The motivation to create WSI came from the growing recognition that, although one in every two seafood workers is a woman, women are over-represented in the lowest paid and lowest valued positions and very few have leadership roles.
Ahead of the event, the president and co-founder of the association, Marie Christine Monfort, spoke to Fish Farming Expert about some of the glaring inequalities in the seafood sector and how these might be overcome.
What are the key issues facing women in seafood?
Everywhere, in the mind of people, the seafood industry is a men’s world. In reality, when looking in more detail, it is a closed world, where women are not given the same chances as men. When you look at the distribution of all positions disaggregated by sex you find a great imbalance – top jobs for men, undervalued positions for the majority of women.
What are the main challenges that WSI is seeking to address?
WSI would like to highlight the high participation of women in the industry and to raise awareness of this gender imbalance, to make people realize that things could be organized differently without affecting the performances of the business, and encourage business actors and policy makers to be active in effecting these changes. For instance, at the moment French seafood training schools design their teaching advertisements to appeal to young men. This gender discrimination in education does not make sense.
How do women fare in the UK and Norway compared to other parts of the world, and what are the key areas where these two countries can improve their gender equality records?
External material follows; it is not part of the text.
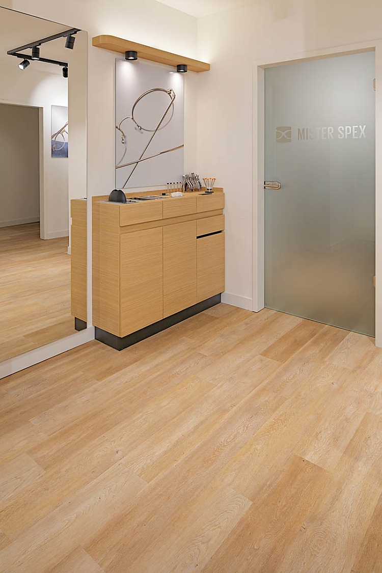 Der Designboden von Project Floors mit dem "Dekor PW 1250" aus der "floors@work"-Kollektion ist fester Bestandteil des Einrichtungskonzeptes und liegt in allen Stores. "Der Boden vermittelt eine stylische und doch gleichzeitig heimelige Holzoptik, fast wie echtes Holz. In unserem Business-Alltag mit hoher Kundenfrequenz hält er so einiges aus. Top!", freut sich auch die Bonner Store Managerin Nicole Vanek.

We only have limited view on both countries and are not able to answer this question except for by partial observations. For instance, in a survey on top positions, we found out that in Norway, where women must make up at least 40% of management boards, all companies respect it; but where the quota is not legally binding, such as in executive boards, the participation of women is much lower – ie where there are no legal requirements women are underrepresented in top positions.
What feedback have you had for WSI since you were founded in December?
We first questioned our professional contacts and colleagues to measure their interest in such an initiative. Their responses were very encouraging. Since being founded we have received positive feedback already from countries including Egypt, Australia, Iceland, the UK, Norway, France and Senegal.
What you hope to achieve at Icefish?
We want to create a surprise. Icefish is a window for technology and mechanics and, from what we know, the fair is mainly visited by men. But we will be there, challenging this gender organization. We also expect to collect precious data, as we will take the opportunity to run a vast survey questioning visitors about their perception of the situation and the reasons for the current gender imbalance. Come and visit us at Hall 1 stand A70, and share your experience with us.
Are you looking for funding and support so you can become more visible?
We intend to run specific projects, such as at Icefish, that will highlight women’s participation in the industry. We need the support of both men and women; we are very open to experiences, ideas, and (where possible) financial support. All details of how to join our not-for-profit association are given on the website .
What are your main goals (both short and long term)?
In the short term, we expect that WSI’s event in Reykjavik will be a great moment where men and women will come and share with us their opinions and ideas on this important topic. Eventually we want to participate to the modernization of the industry, where women would have equal access to all positions in the industry; and where policy makers, in all their decisions, will consider women as key players in the industry.
Icefish takes place on 13-15 September.